### RAW DATA
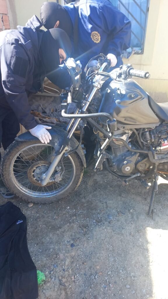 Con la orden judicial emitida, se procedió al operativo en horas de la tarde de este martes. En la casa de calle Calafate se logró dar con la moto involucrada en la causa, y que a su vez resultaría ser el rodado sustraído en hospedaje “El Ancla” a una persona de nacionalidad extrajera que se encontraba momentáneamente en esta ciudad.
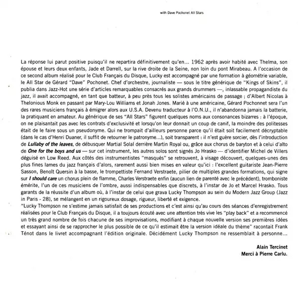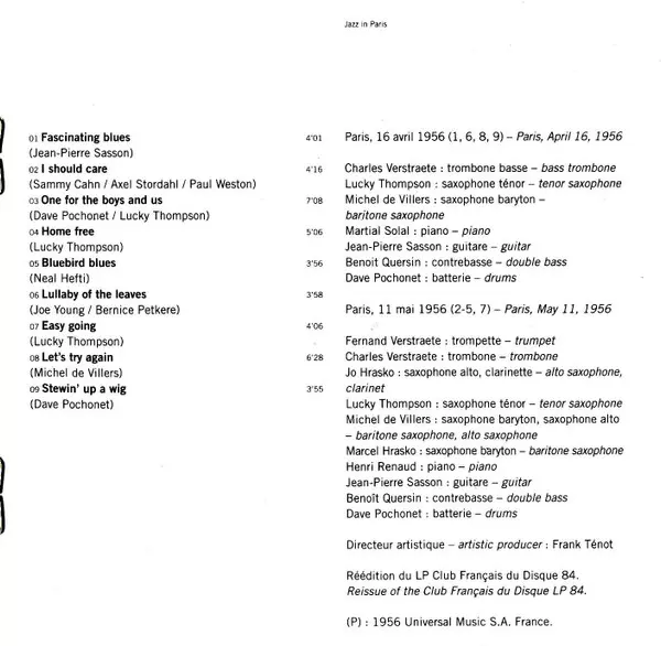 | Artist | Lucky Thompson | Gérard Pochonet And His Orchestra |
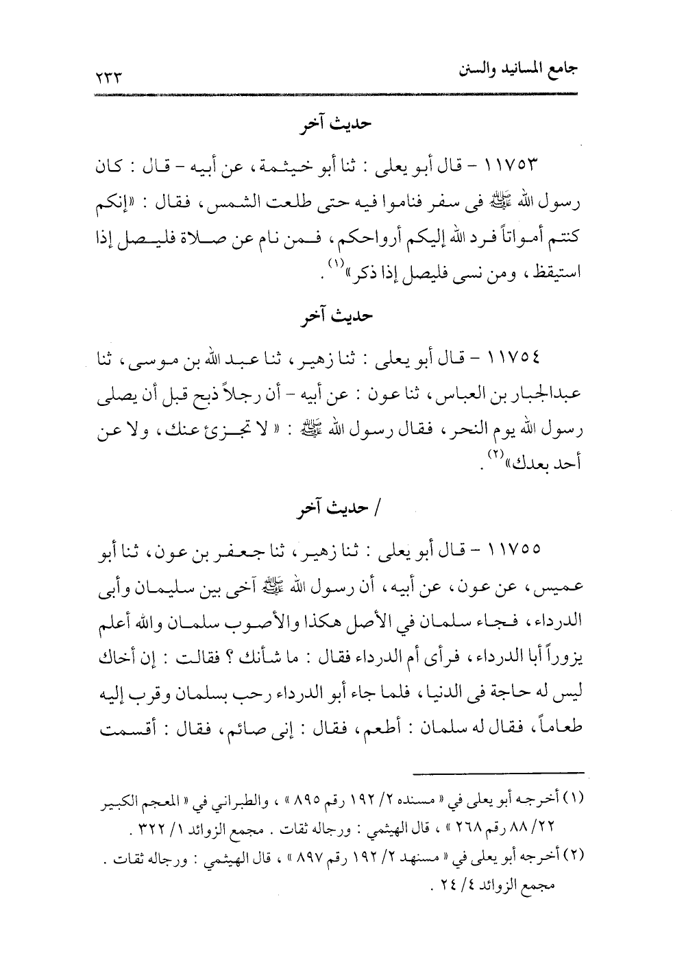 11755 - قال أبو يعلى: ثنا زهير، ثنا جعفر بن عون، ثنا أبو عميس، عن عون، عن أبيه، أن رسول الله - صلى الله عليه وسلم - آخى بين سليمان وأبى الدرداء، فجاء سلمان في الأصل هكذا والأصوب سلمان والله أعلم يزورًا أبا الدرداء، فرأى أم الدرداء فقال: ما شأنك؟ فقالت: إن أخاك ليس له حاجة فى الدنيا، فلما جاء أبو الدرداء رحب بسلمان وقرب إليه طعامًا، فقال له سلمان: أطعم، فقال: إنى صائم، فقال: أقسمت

### WHAT THE EXERCISE ASKS
Print each line of the listing exactly and include no pictures.

### TASK RESPONSE
 Con la orden judicial emitida, se procedió al operativo en horas de la tarde de este martes. En la casa de calle Calafate se logró dar con la moto involucrada en la causa, y que a su vez resultaría ser el rodado sustraído en hospedaje “El Ancla” a una persona de nacionalidad extrajera que se encontraba momentáneamente en esta ciudad.
 | Artist | Lucky Thompson | Gérard Pochonet And His Orchestra |
 11755 - قال أبو يعلى: ثنا زهير، ثنا جعفر بن عون، ثنا أبو عميس، عن عون، عن أبيه، أن رسول الله - صلى الله عليه وسلم - آخى بين سليمان وأبى الدرداء، فجاء سلمان في الأصل هكذا والأصوب سلمان والله أعلم يزورًا أبا الدرداء، فرأى أم الدرداء فقال: ما شأنك؟ فقالت: إن أخاك ليس له حاجة فى الدنيا، فلما جاء أبو الدرداء رحب بسلمان وقرب إليه طعامًا، فقال له سلمان: أطعم، فقال: إنى صائم، فقال: أقسمت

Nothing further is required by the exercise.